SUPPLIED MATERIAL: Begin

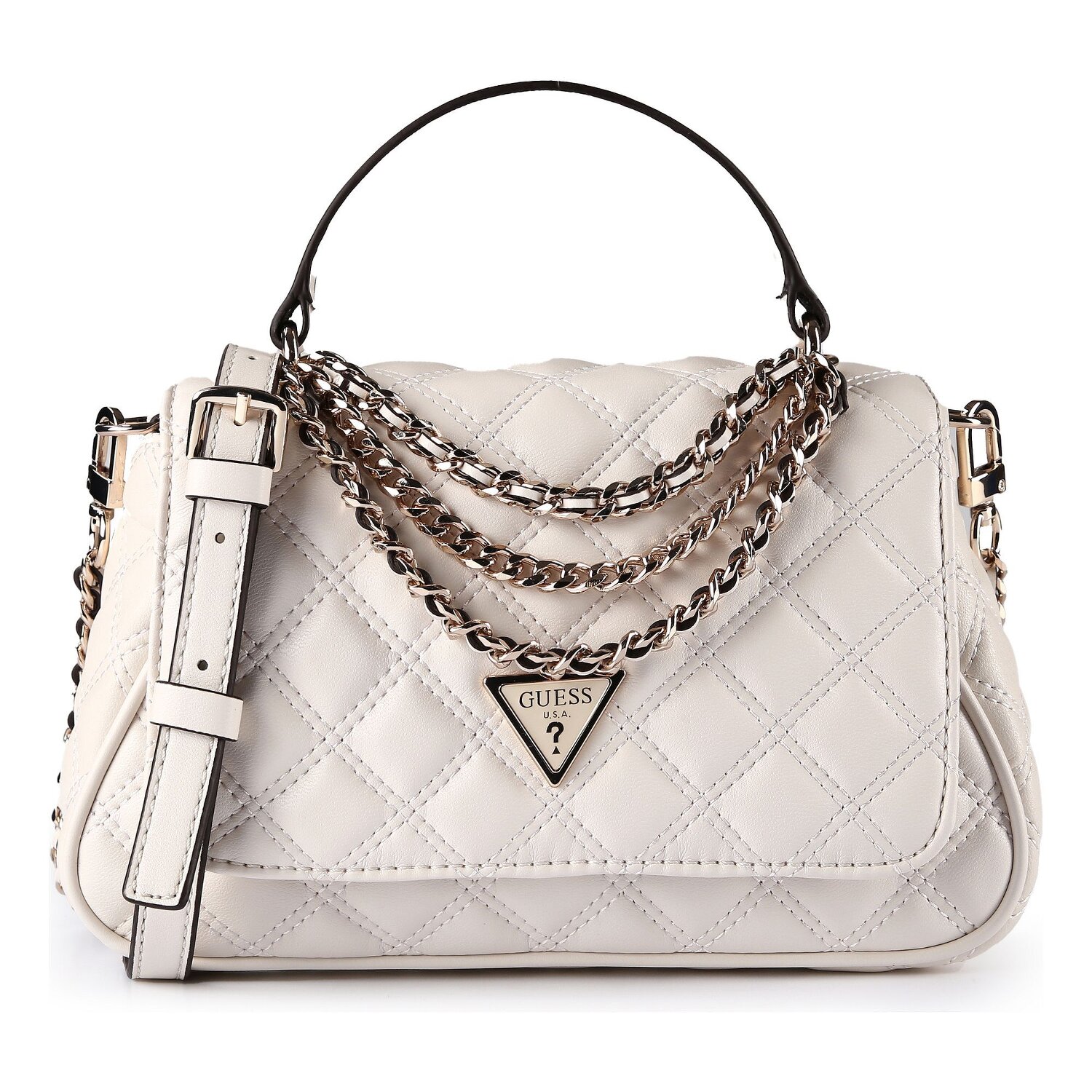Stilvoll, glamourös und funktional - die Giully Handtasche von Guess ist der ideale Begleiter für die moderne Frau. Ein geschmeidiger Traum aus Polyurethan, nicht nur optisch beeindruckend, sondern auch robust und langlebig. Ihre Habseligkeiten finden sich sicher vereint in wohlorganisierten Innenfächern und geschützt hinter einem praktischen Magnetverschluss. Ganz gleich, ob in der Hand getragen oder casual über die Schulter geschwungen, dank abnehmbarem Umhängeriemen und kurzem Hauptgriff sind variantenreiche Trageoptionen gewährleistet. Verwöhnen Sie sich mit dieser adretten Kreation, die den optimalen Mix aus Schick und Komfort bietet.
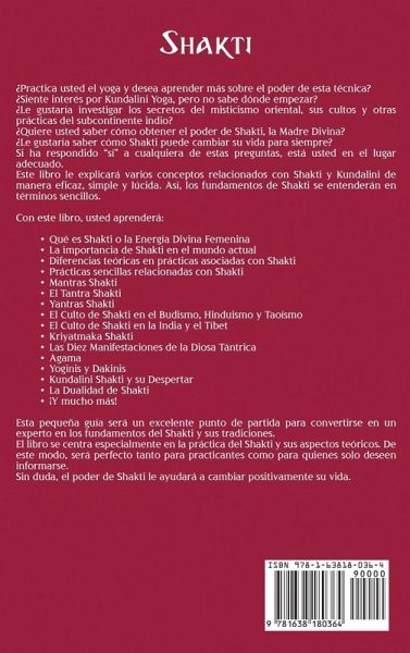 Si Quiere Despertar a su Shakti Interior, Siga Leyendo... ¿Practica usted el yoga y desea aprender más sobre el poder de esta técnica? ¿Siente interés por Kundalini Yoga, pero no sabe dónde empezar? ¿Le gustaría investigar los secretos del misticismo oriental, sus cultos y otras prácticas del subcontinente indio? ¿Quiere usted saber cómo obtener el poder de Shakti, la Madre Divina? ¿Le gustaría saber cómo Shakti puede cambiar su vida para siempre? Si ha respondido "sí" a cualquiera de estas preguntas, está usted en el lugar adecuado. Este libro le explicará varios conceptos relacionados con Shakti y Kundalini de manera eficaz, simple y lúcida. Así, los fundamentos de Shakti se entenderán en términos sencillos. Con este libro, usted aprenderá:Qué es Shakti o la Energía Divina Femenina La importancia de Shakti en el mundo actual Diferencias teóricas en prácticas asociadas con Shakti Prácticas sencillas relacionadas con Shakti Mantras Shakti El Tantra Shakti Yantras Shakti El Culto de Shakti en el Budismo, Hinduismo y Taoísmo El Culto de Shakti en la India y el Tíbet Kriyatmaka Shakti Las Diez Manifestaciones de la Diosa Tántrica Agama Yoginis y Dakinis Kundalini Shakti y su Despertar La Dualidad de Shakti ¡Y mucho más! Esta pequeña guía será un excelente punto de partida para convertirse en un experto en los fundamentos del Shakti y sus tradiciones. El libro se centra especialmente en la práctica del Shakti y sus aspectos teóricos. De este modo, será perfecto tanto para practicantes como para quienes solo deseen informarse. Sin duda, el poder de Shakti le ayudará a cambiar positivamente su vida. ¡Compre ya este libro para aprender más sobre Shakti!
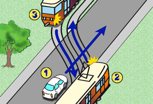 W tej sytuacji kierujący pojazdem nr 1 ustępuje pierwszeństwa:

SUPPLIED MATERIAL: End

→ **ASSIGNMENT**
From the first line to the last, give the data again exactly, but without pictures.

→ **ANSWER BOX**
Stilvoll, glamourös und funktional - die Giully Handtasche von Guess ist der ideale Begleiter für die moderne Frau. Ein geschmeidiger Traum aus Polyurethan, nicht nur optisch beeindruckend, sondern auch robust und langlebig. Ihre Habseligkeiten finden sich sicher vereint in wohlorganisierten Innenfächern und geschützt hinter einem praktischen Magnetverschluss. Ganz gleich, ob in der Hand getragen oder casual über die Schulter geschwungen, dank abnehmbarem Umhängeriemen und kurzem Hauptgriff sind variantenreiche Trageoptionen gewährleistet. Verwöhnen Sie sich mit dieser adretten Kreation, die den optimalen Mix aus Schick und Komfort bietet.
 Si Quiere Despertar a su Shakti Interior, Siga Leyendo... ¿Practica usted el yoga y desea aprender más sobre el poder de esta técnica? ¿Siente interés por Kundalini Yoga, pero no sabe dónde empezar? ¿Le gustaría investigar los secretos del misticismo oriental, sus cultos y otras prácticas del subcontinente indio? ¿Quiere usted saber cómo obtener el poder de Shakti, la Madre Divina? ¿Le gustaría saber cómo Shakti puede cambiar su vida para siempre? Si ha respondido "sí" a cualquiera de estas preguntas, está usted en el lugar adecuado. Este libro le explicará varios conceptos relacionados con Shakti y Kundalini de manera eficaz, simple y lúcida. Así, los fundamentos de Shakti se entenderán en términos sencillos. Con este libro, usted aprenderá:Qué es Shakti o la Energía Divina Femenina La importancia de Shakti en el mundo actual Diferencias teóricas en prácticas asociadas con Shakti Prácticas sencillas relacionadas con Shakti Mantras Shakti El Tantra Shakti Yantras Shakti El Culto de Shakti en el Budismo, Hinduismo y Taoísmo El Culto de Shakti en la India y el Tíbet Kriyatmaka Shakti Las Diez Manifestaciones de la Diosa Tántrica Agama Yoginis y Dakinis Kundalini Shakti y su Despertar La Dualidad de Shakti ¡Y mucho más! Esta pequeña guía será un excelente punto de partida para convertirse en un experto en los fundamentos del Shakti y sus tradiciones. El libro se centra especialmente en la práctica del Shakti y sus aspectos teóricos. De este modo, será perfecto tanto para practicantes como para quienes solo deseen informarse. Sin duda, el poder de Shakti le ayudará a cambiar positivamente su vida. ¡Compre ya este libro para aprender más sobre Shakti!
 W tej sytuacji kierujący pojazdem nr 1 ustępuje pierwszeństwa:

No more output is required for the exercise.